J Leukoc Biol. 2004 Mar;75(3):553-9. doi: 10.1189/jlb.0703350. Epub 2003 Nov 21.
Acute ethanol consumption has been linked to an increase in infectious complications in trauma and burn patients. Ethanol modifies production of a variety of macrophage-derived immunoregulatory mediators. Lipopolysaccharide (LPS), a potent stimulator of inflammatory responses in macrophages, activates several intracellular signaling pathways, including mitogen-activated protein kinases (MAPK). In the current study, we investigated the effect of acute ethanol exposure on in vivo activation of p38 and extracellularly regulated kinases 1 and 2 (ERK1/2) MAPK in murine macrophages and the corresponding, LPS-stimulated interleukin (IL)-6 production. We demonstrated that a single dose of ethanol transiently down-regulated p38 and ERK1/2 activation levels (3-24 h after treatment) and impaired IL-6 synthesis. Ethanol-related reduction in IL-6 production was not further affected by the presence of inhibitors of p38 and ERK1/2 (SB 202190 and PD 98059, respectively). These results demonstrate that acute ethanol exposure can impair macrophage IL-6 production and indicate that this effect may result from ethanol-induced alterations in intracellular signaling through p38 and ERK1/2.

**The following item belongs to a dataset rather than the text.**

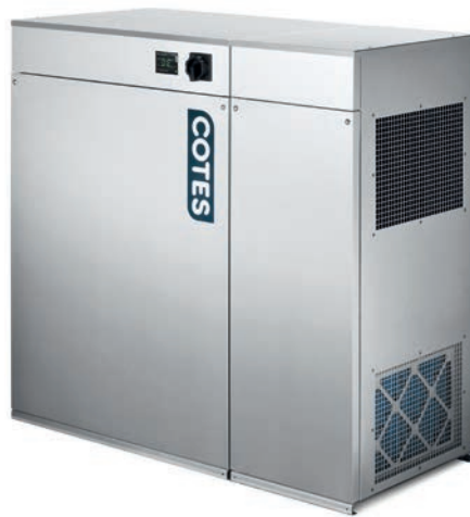
C35 DEHUMIDIFIER WITH HEAT RECOVERY MODULE

急性乙醇摄入与创伤和烧伤患者感染并发症的增加有关。乙醇会改变多种巨噬细胞衍生的免疫调节介质的产生。脂多糖(LPS)是巨噬细胞中炎症反应的有效刺激物,可激活多种细胞内信号通路,包括丝裂原活化蛋白激酶(MAPK)。在本研究中,我们调查了急性乙醇暴露对小鼠巨噬细胞中p38以及细胞外调节激酶1和2(ERK1/2)MAPK体内激活的影响,以及相应的LPS刺激的白细胞介素(IL)-6产生。我们证明,单剂量乙醇可短暂下调p38和ERK1/2的激活水平(治疗后3-24小时),并损害IL-6合成。p38和ERK1/2抑制剂(分别为SB 202190和PD 98059)的存在并未进一步影响乙醇相关的IL-6产生减少。这些结果表明,急性乙醇暴露可损害巨噬细胞IL-6的产生,并表明这种效应可能是由乙醇诱导的通过p38和ERK1/2的细胞内信号改变所致。